Information supplied »

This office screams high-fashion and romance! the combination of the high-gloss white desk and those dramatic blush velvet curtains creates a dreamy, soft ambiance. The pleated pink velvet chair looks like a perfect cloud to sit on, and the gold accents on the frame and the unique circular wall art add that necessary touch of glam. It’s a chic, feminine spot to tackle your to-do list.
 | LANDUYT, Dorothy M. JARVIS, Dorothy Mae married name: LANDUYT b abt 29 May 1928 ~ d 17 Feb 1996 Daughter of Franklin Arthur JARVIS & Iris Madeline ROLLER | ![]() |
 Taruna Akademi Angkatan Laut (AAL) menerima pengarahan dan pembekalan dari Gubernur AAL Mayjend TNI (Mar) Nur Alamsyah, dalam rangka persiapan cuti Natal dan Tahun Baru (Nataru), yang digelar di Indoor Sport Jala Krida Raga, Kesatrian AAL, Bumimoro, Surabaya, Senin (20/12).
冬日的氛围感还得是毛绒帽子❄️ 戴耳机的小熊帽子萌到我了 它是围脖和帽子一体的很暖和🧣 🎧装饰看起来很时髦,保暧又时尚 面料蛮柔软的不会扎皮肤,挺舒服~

---

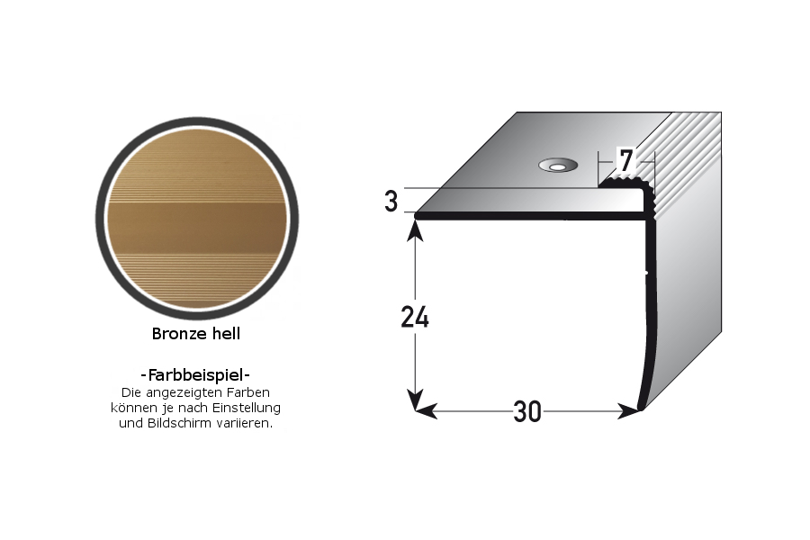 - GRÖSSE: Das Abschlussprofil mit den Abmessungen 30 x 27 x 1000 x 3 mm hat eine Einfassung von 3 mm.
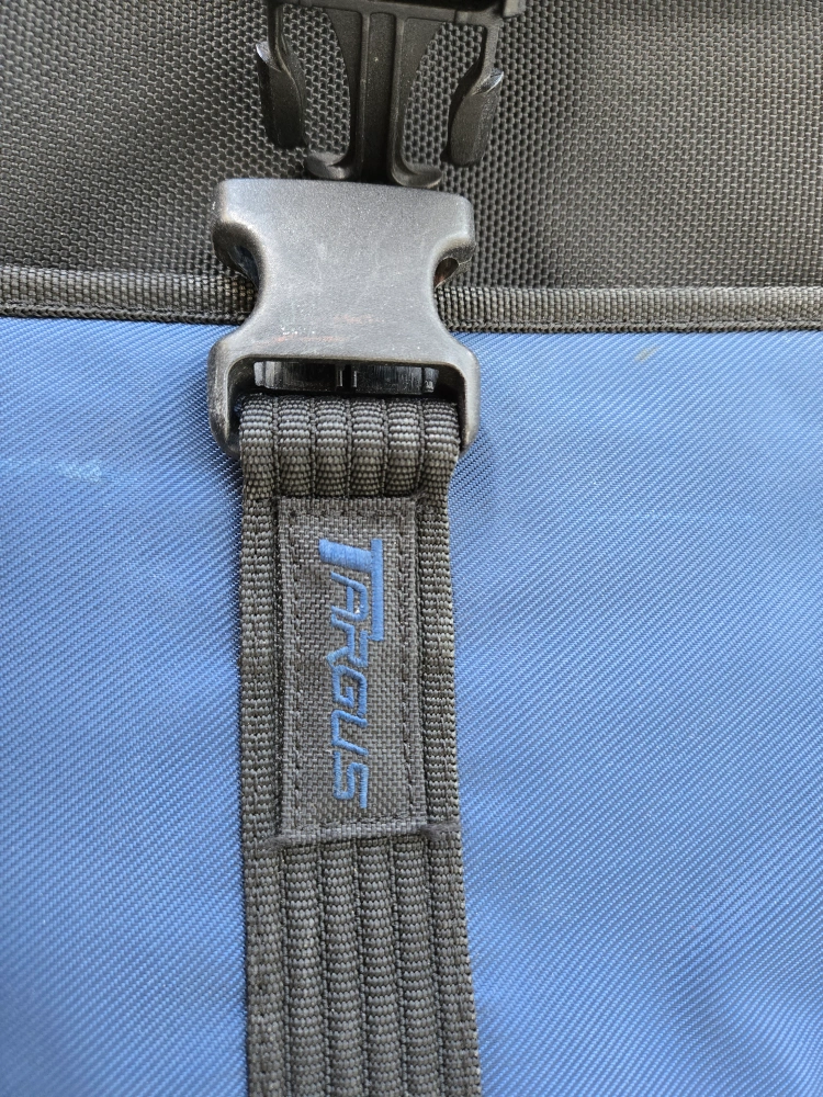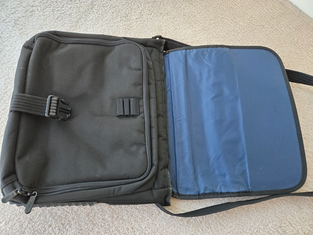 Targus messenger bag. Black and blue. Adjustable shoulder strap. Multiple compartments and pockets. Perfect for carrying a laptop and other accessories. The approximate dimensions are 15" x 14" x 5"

* * *

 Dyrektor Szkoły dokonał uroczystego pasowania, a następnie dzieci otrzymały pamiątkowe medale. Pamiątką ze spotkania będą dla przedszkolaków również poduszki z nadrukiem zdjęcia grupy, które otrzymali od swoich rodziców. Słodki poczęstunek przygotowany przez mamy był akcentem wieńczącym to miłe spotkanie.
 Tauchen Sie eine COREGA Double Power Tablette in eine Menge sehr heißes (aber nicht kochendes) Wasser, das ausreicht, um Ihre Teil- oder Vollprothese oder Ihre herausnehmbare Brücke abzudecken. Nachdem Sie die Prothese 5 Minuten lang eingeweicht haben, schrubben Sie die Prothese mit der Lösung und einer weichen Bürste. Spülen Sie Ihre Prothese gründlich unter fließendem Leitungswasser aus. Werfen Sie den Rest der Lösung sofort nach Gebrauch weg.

Problem details » Transcribe the records above from the line holding "ROLLER | ![]() |" down to the line holding "冬日的氛围感还得是毛绒帽子❄️ 戴耳机的小熊帽子萌到我了 它是围脖和帽子一体的很暖和🧣", inclusive, without adding anything.

Output for this task »
 | LANDUYT, Dorothy M. JARVIS, Dorothy Mae married name: LANDUYT b abt 29 May 1928 ~ d 17 Feb 1996 Daughter of Franklin Arthur JARVIS & Iris Madeline ROLLER | ![]() |
 Taruna Akademi Angkatan Laut (AAL) menerima pengarahan dan pembekalan dari Gubernur AAL Mayjend TNI (Mar) Nur Alamsyah, dalam rangka persiapan cuti Natal dan Tahun Baru (Nataru), yang digelar di Indoor Sport Jala Krida Raga, Kesatrian AAL, Bumimoro, Surabaya, Senin (20/12).
冬日的氛围感还得是毛绒帽子❄️ 戴耳机的小熊帽子萌到我了 它是围脖和帽子一体的很暖和🧣 🎧装饰看起来很时髦,保暧又时尚 面料蛮柔软的不会扎皮肤,挺舒服~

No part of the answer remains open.